The problem of leaking private messages makes me more paranoid, untrusting of others, and choosing to withold info (ideas, opinions, critics) that might help to improve workplace relationships, innovation, and overall problem solving.
I don't care, my behavior is respectful so they can leak all my private messages. Regarding the CEO leak, i think it's good peoples leak this kind of thing to show the true face of PR words and how a person that it's supposed to be a leader is.
Sure, but those should be in smaller groups, possibly only 1:1s IMO. I've always been of the mind that if you don't want information to get out to a broader audience, either don't put it in writing or don't say it in front of an already large audience (even if you say, "this is a secret...." that feels like a middle school mentality for information sharing).
The problem of leaking private messages makes me more paranoid, untrusting of others, and choosing to withold info (ideas, opinions, critics) that might help to improve workplace relationships, innovation, and overall problem solving.
yes, I think candour will be a casuality
I don't care, my behavior is respectful so they can leak all my private messages. Regarding the CEO leak, i think it's good peoples leak this kind of thing to show the true face of PR words and how a person that it's supposed to be a leader is.
1000% agree. If you can't be the same person with similar messaging, privately and publicly, then why not?

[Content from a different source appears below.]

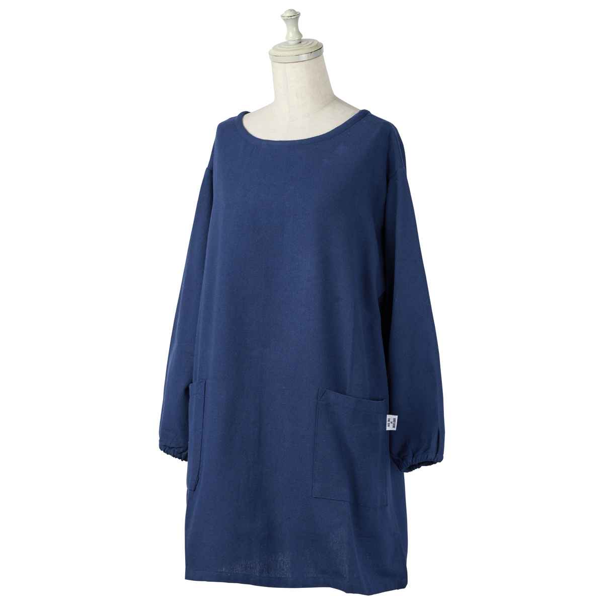 割烹着 イージー カッポウギ リサイクル糸 ( かっぽうぎ エプロン 作業着 台所エプロン 袖付きエプロン ポケット付き おしゃれ ワンピースエプロン 長袖 袖 ゴム 無地 シンプル 大人用 腰ひも レディース サステナブル ) 【ネイビー】

What is there to hide?
can there be situations where you share private communications where you would not want the public to see?
Sure, but those should be in smaller groups, possibly only 1:1s IMO. I've always been of the mind that if you don't want information to get out to a broader audience, either don't put it in writing or don't say it in front of an already large audience (even if you say, "this is a secret...." that feels like a middle school mentality for information sharing).